- [Directions]: Write each line below back out exactly, omitting its pictures.

- [Data excerpts]:
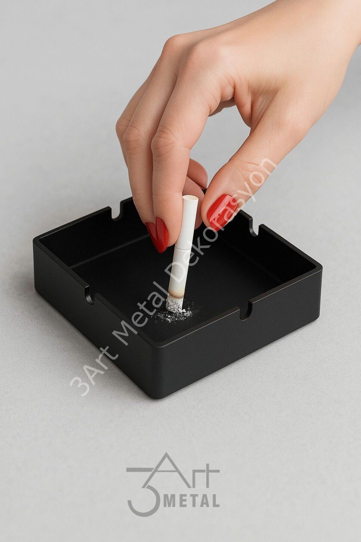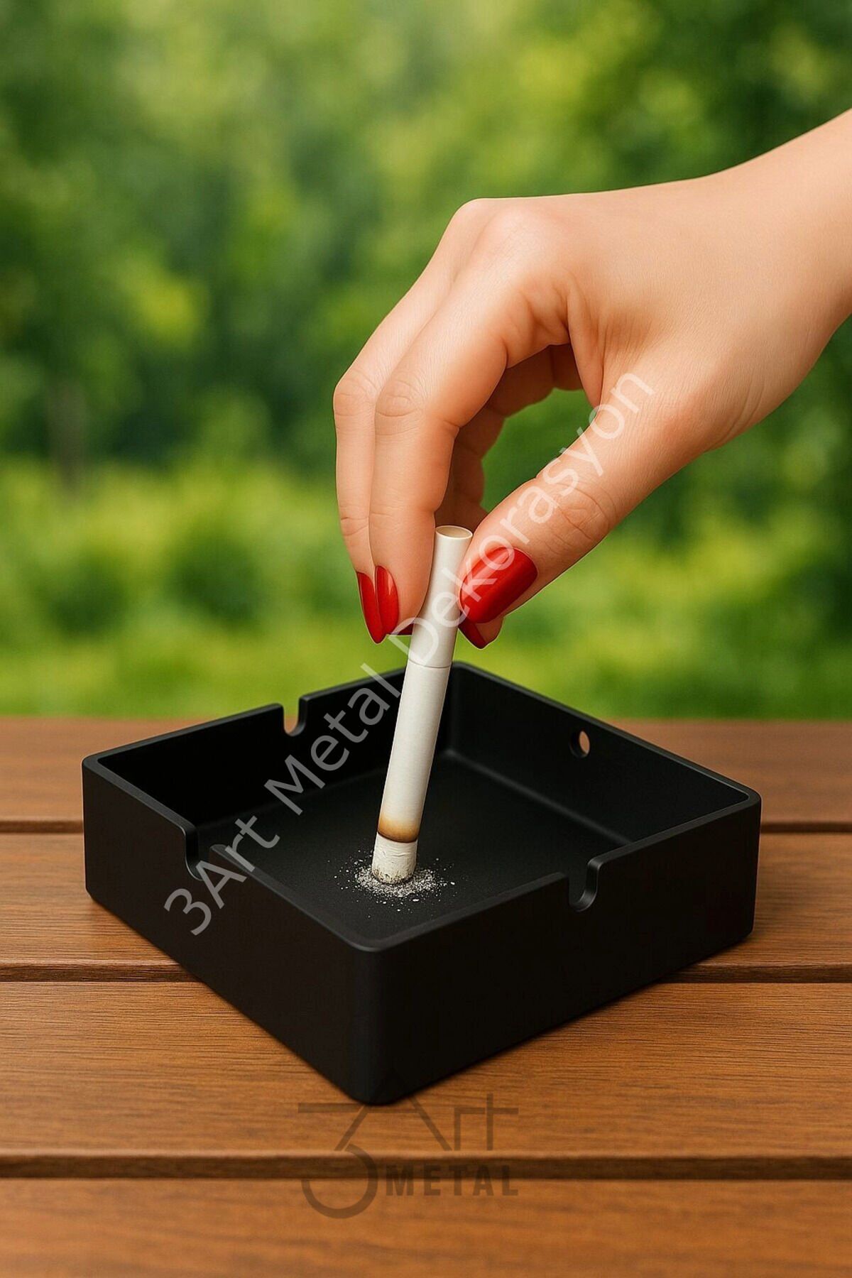 Mat Siyah Kare Metal Küllük, şık ve dayanıklı tasarımıyla hem evde hem ofiste hem de araç içinde kullanım için mükemmel bir tercihtir.; Tamamen lazer kesim çelikten üretilen bu metal küllük, uzun yıllar dayanacak sağlamlığa sahiptir.; Mat siyah elektrostatik boya kaplaması sayesinde modern bir görünüme sahip olurken, yüzeyi kolay temizlenebilir yapıdadır.; Araç içi küllük olarak da kullanılabilen bu ürün, kompakt ölçüleri sayesinde araç içinde yer kaplamaz ve küller için pratik bir çözüm sunar.; Masaüstü küllük olarak ofis masalarında, balkonlarda, bahçelerde veya mutfakta rahatlıkla kullanılabilir.; Öne Çıkan Özellikler: •Mat siyah modern tasarım ile her ortama uyum sağlar •1 mm lazer kesim çelik malzeme ile uzun ömürlü kullanım •Masaüstü ve araç içi kullanım için ideal ölçüler •Kolay temizlenebilir yüzey ile hijyenik kullanım •Kompakt kare form ile yer kaplamayan pratik tasarım •Dış mekân ve iç mekânda kullanım imkanı Sigara kullananlar için hem şık hem de işlevsel bir küllük arıyorsanız, bu mat siyah metal küllük beklentilerinizi fazlasıyla karşılar.; Evde, ofiste, araçta, balkon veya bahçede kullanabileceğiniz bu ürün, modern görünümü ve sağlam yapısıyla uzun yıllar yanınızda olacak.;
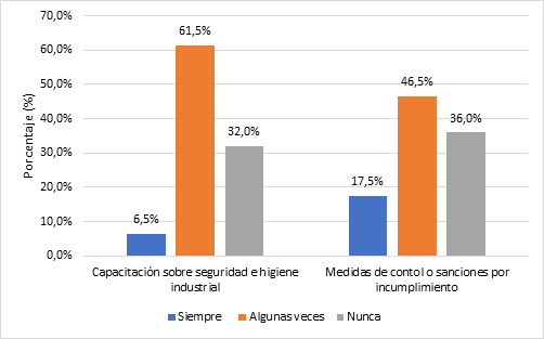 Asimismo, se evidenció que existe un porcentaje de trabajadores que no recibe capacitación (32 %) sobre seguridad e higiene industrial, mientras que el 61,5 % indica que algunas veces y solo el 6,5 % si recibe capacitación. Por su parte, en cuanto a las medidas de control o sanciones aplicadas por la empresa por incumplimiento, un 17,5 % se cumplen, 46,5 % a veces y 36 % nunca, lo que muestra una falta de concientización de los trabajadores. Consecuentemente, el estudio de Flores(5) concuerda con los resultados, señalando que las empresas estudiadas muestran incoherencias a este respecto al darle poca importancia a las capacitaciones sobre seguridad e higiene industrial y a la aplicación de sanciones derivadas del incumplimiento de la normativa. Debido a que su principal objetivo es garantizar la seguridad y el bienestar de todos los trabajadores, tomando las precauciones esenciales para prevenir daños, con el fin de minimizarlos o erradicarlos por completo.
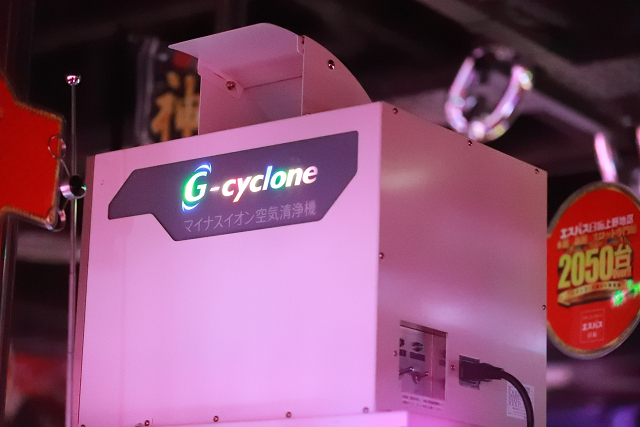 日拓グループの他の店舗でもそうだが、上野本館でも島上には空気清浄機が設置されている。そして台間には分煙ボードがパチンコのみならず、パチスロコーナーにも標準装備。
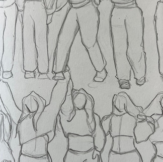 Lay the action plan and images somewhere that you can look at them altogether. Arrange your composite drawings to create connections between them. You might have enjoyed a drawing of an interior or a figure and put that alongside a drawing that uses media in a particular way and decide to put them side by side. You could end up with clusters of images that are important to you for different reasons and drawings that connect from one sketchbook to another. There will be no wrong or right collections. Just collections that mean something to you.
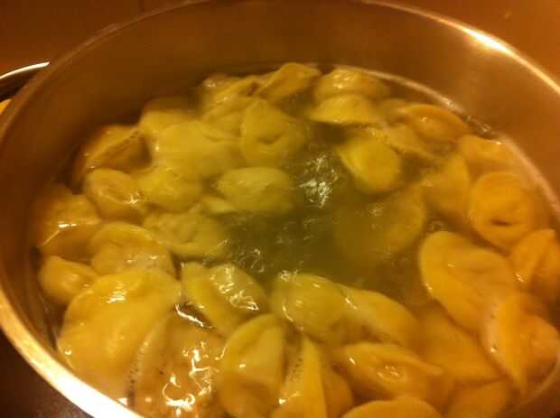 Cuando el agua esté hirviendo fuertemente añadir el pelmeni.
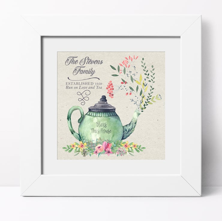 A fabulous gift for a family, and perfect for tea drinkers! This 'Love and Tea' print is personalised with your family name and year, and the words 'run on love and tea'. Featuring hand painted illustrations, this pretty floral teapot print will look beautiful displayed anywhere in your home, especially the kitchen!
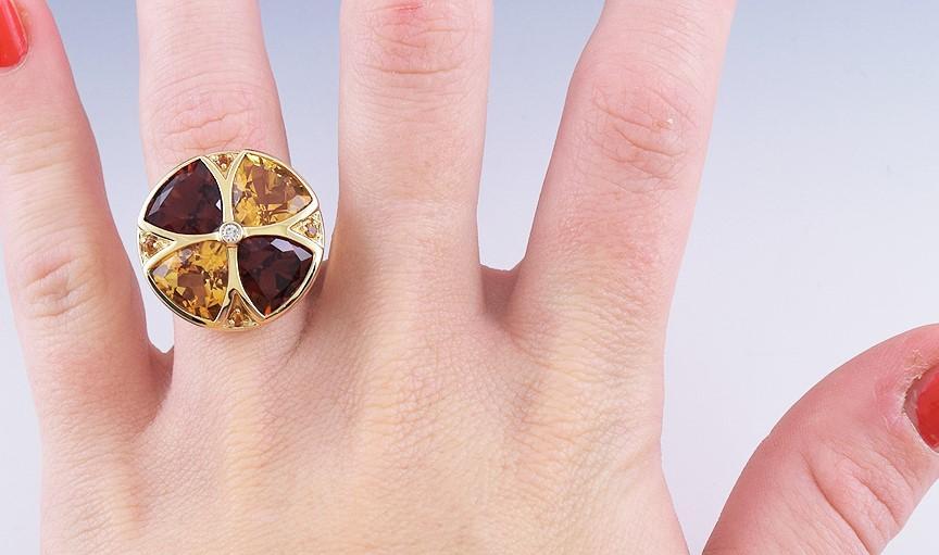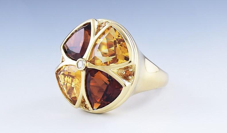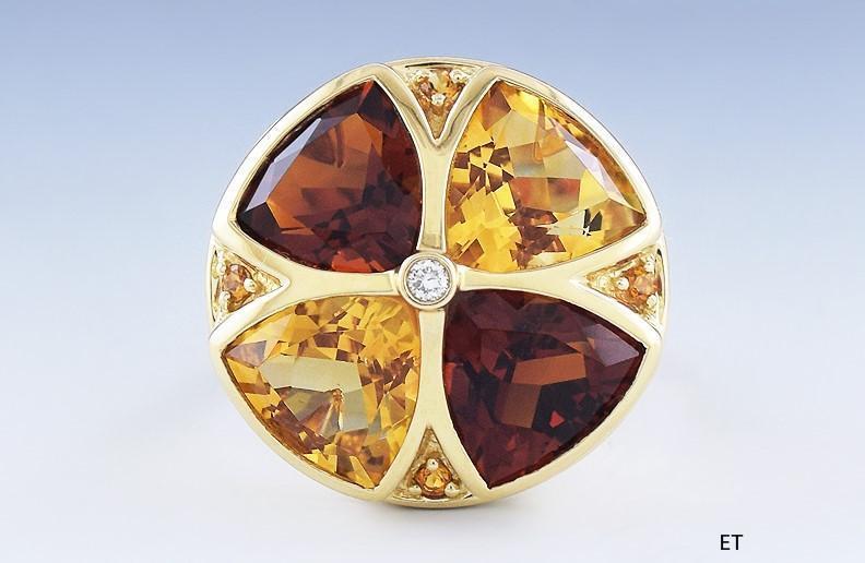 Presented is an eye-catching 14 karat gold, citrine and diamond ring. This is a modern piece, made in China. The ring is set with four triangle cut citrines, two in a dark orange shade and two in a lighter honey yellow. The triangle cut citrines are arranged in a sort of four leaf clover design, with a diamond in the center and little round cut citrines in the four corners. The ring setting is sleek and well made, certainly by a high end maker or designer.
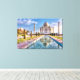 This amazing Getty Images photo features the famous Taj Mahal, a white marble mausoleum located in Agra. This image was captured at sunrise when the gentle sun enhanced the white marble with warm color tones.
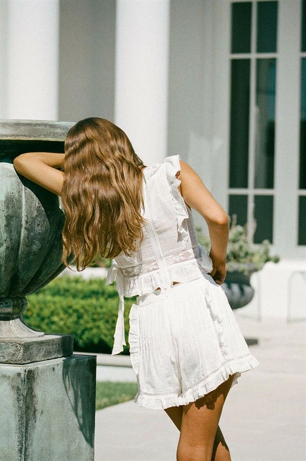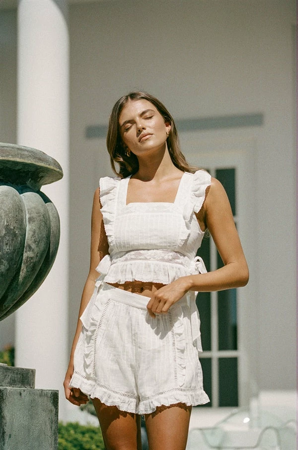 A staff HQ favourite! The Nieve Shorts are made from a high quality natural cotton cheesecloth fabric in an off white hue. They are a high waisted style featuring pintucks, high-low hems and lace, ladder and frill detailing throughout. Complete the look with the Nieve Top! Designed exclusively by Sabo.
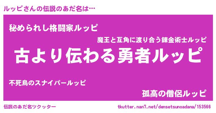 | 男性向けラノベタイトル風あだ名 | 『転生したらルッピだった件』 |
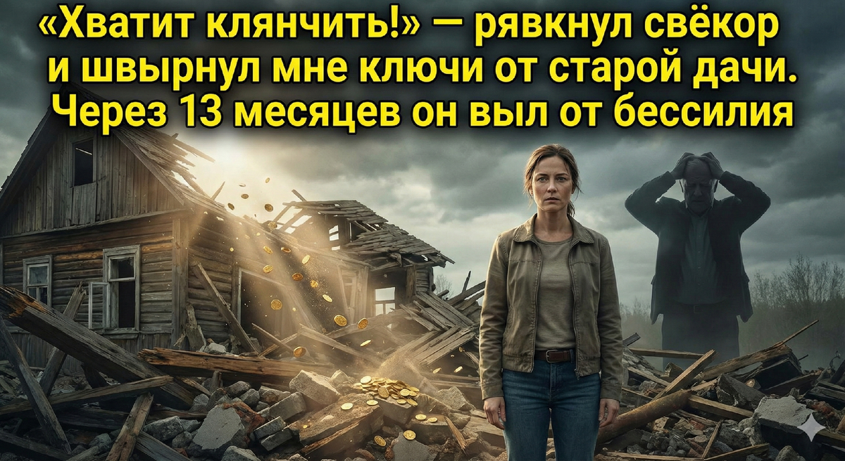 — Сюрприз, невестка! — крикнул свёкор, хлопая дверцей. — Решил я тебе помочь. Чё ты тут ковыряешься в этой гнили? Я с мужиком договорился, он за пару часов этот скворечник снесёт, разровняем площадку, и выставим участок на продажу. Тут место хорошее, под коттедж за полтора миллиона уйдёт. На машину вам добавим!

- [Expected answer]:
 Mat Siyah Kare Metal Küllük, şık ve dayanıklı tasarımıyla hem evde hem ofiste hem de araç içinde kullanım için mükemmel bir tercihtir.; Tamamen lazer kesim çelikten üretilen bu metal küllük, uzun yıllar dayanacak sağlamlığa sahiptir.; Mat siyah elektrostatik boya kaplaması sayesinde modern bir görünüme sahip olurken, yüzeyi kolay temizlenebilir yapıdadır.; Araç içi küllük olarak da kullanılabilen bu ürün, kompakt ölçüleri sayesinde araç içinde yer kaplamaz ve küller için pratik bir çözüm sunar.; Masaüstü küllük olarak ofis masalarında, balkonlarda, bahçelerde veya mutfakta rahatlıkla kullanılabilir.; Öne Çıkan Özellikler: •Mat siyah modern tasarım ile her ortama uyum sağlar •1 mm lazer kesim çelik malzeme ile uzun ömürlü kullanım •Masaüstü ve araç içi kullanım için ideal ölçüler •Kolay temizlenebilir yüzey ile hijyenik kullanım •Kompakt kare form ile yer kaplamayan pratik tasarım •Dış mekân ve iç mekânda kullanım imkanı Sigara kullananlar için hem şık hem de işlevsel bir küllük arıyorsanız, bu mat siyah metal küllük beklentilerinizi fazlasıyla karşılar.; Evde, ofiste, araçta, balkon veya bahçede kullanabileceğiniz bu ürün, modern görünümü ve sağlam yapısıyla uzun yıllar yanınızda olacak.;
 Asimismo, se evidenció que existe un porcentaje de trabajadores que no recibe capacitación (32 %) sobre seguridad e higiene industrial, mientras que el 61,5 % indica que algunas veces y solo el 6,5 % si recibe capacitación. Por su parte, en cuanto a las medidas de control o sanciones aplicadas por la empresa por incumplimiento, un 17,5 % se cumplen, 46,5 % a veces y 36 % nunca, lo que muestra una falta de concientización de los trabajadores. Consecuentemente, el estudio de Flores(5) concuerda con los resultados, señalando que las empresas estudiadas muestran incoherencias a este respecto al darle poca importancia a las capacitaciones sobre seguridad e higiene industrial y a la aplicación de sanciones derivadas del incumplimiento de la normativa. Debido a que su principal objetivo es garantizar la seguridad y el bienestar de todos los trabajadores, tomando las precauciones esenciales para prevenir daños, con el fin de minimizarlos o erradicarlos por completo.
 日拓グループの他の店舗でもそうだが、上野本館でも島上には空気清浄機が設置されている。そして台間には分煙ボードがパチンコのみならず、パチスロコーナーにも標準装備。
 Lay the action plan and images somewhere that you can look at them altogether. Arrange your composite drawings to create connections between them. You might have enjoyed a drawing of an interior or a figure and put that alongside a drawing that uses media in a particular way and decide to put them side by side. You could end up with clusters of images that are important to you for different reasons and drawings that connect from one sketchbook to another. There will be no wrong or right collections. Just collections that mean something to you.
 Cuando el agua esté hirviendo fuertemente añadir el pelmeni.
 A fabulous gift for a family, and perfect for tea drinkers! This 'Love and Tea' print is personalised with your family name and year, and the words 'run on love and tea'. Featuring hand painted illustrations, this pretty floral teapot print will look beautiful displayed anywhere in your home, especially the kitchen!
 Presented is an eye-catching 14 karat gold, citrine and diamond ring. This is a modern piece, made in China. The ring is set with four triangle cut citrines, two in a dark orange shade and two in a lighter honey yellow. The triangle cut citrines are arranged in a sort of four leaf clover design, with a diamond in the center and little round cut citrines in the four corners. The ring setting is sleek and well made, certainly by a high end maker or designer.
 This amazing Getty Images photo features the famous Taj Mahal, a white marble mausoleum located in Agra. This image was captured at sunrise when the gentle sun enhanced the white marble with warm color tones.
 A staff HQ favourite! The Nieve Shorts are made from a high quality natural cotton cheesecloth fabric in an off white hue. They are a high waisted style featuring pintucks, high-low hems and lace, ladder and frill detailing throughout. Complete the look with the Nieve Top! Designed exclusively by Sabo.
 | 男性向けラノベタイトル風あだ名 | 『転生したらルッピだった件』 |
 — Сюрприз, невестка! — крикнул свёкор, хлопая дверцей. — Решил я тебе помочь. Чё ты тут ковыряешься в этой гнили? Я с мужиком договорился, он за пару часов этот скворечник снесёт, разровняем площадку, и выставим участок на продажу. Тут место хорошее, под коттедж за полтора миллиона уйдёт. На машину вам добавим!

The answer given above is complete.